Bislang sind 55 pflegebedürftige Holocaust-Überlebende aus der Ukraine nach Deutschland gebracht und aufgenommen worden. Mit jedem Tag kämen mehr dazu, sagte der Direktor der Zentralwohlfahrtsstelle der Juden in Deutschland (ZWST), Aron Schuster, der Jüdischen Allgemeinen.

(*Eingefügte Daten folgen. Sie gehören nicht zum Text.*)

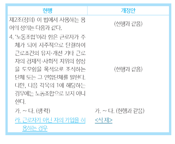 따라서, 개정안은 근로자가 아닌 자의 가입을 허용하는 경우 노동조합으로 보지 않는 현행 규정을 삭제하여, 특수고용노동자, 플랫폼노동자 등 다양한 일하는 사람의 단결권을 보장하고 ILO 등 국제기구의 권고를 따르도록 한다(안 제2조 제4호 라목 삭제).

Die Aufnahme dieser Personen geschehe »in unserer besonderen Verantwortung als Deutsche«, erklärte Bundesinnenministerin Nancy Faeser gegenüber den Zeitungen der Funke-Mediengruppe (Donnerstagsausgaben). »Wir geben ihnen eine vorübergehende Heimat. Das ist uns europaweit in diesen ersten Kriegswochen sehr gut gelungen.«
KRIEGSVERBRECHEN Die Berichte über Gräueltaten an Hunderten Bewohnern ukrainischer Städte kommentierte die Bundesinnenministerin scharf. »Ich bin Juristin. Natürlich soll man niemanden vorverurteilen. Aber es deutet alles darauf hin, dass Wladimir Putin und seine Armee in der Ukraine furchtbare Kriegsverbrechen begehen.«
Die Jewish Claims Conference schätzt, dass sich insgesamt rund 400 bis 600 schwerstpflegebedürftige Überlebende in der Ukraine befinden. Nicht alle von ihnen könnten und wollten aber das Land verlassen, so Aron Schuster. Diejenigen, die sich dennoch dazu entschließen, würden einzeln mit Krankentransportern nach Deutschland gebracht.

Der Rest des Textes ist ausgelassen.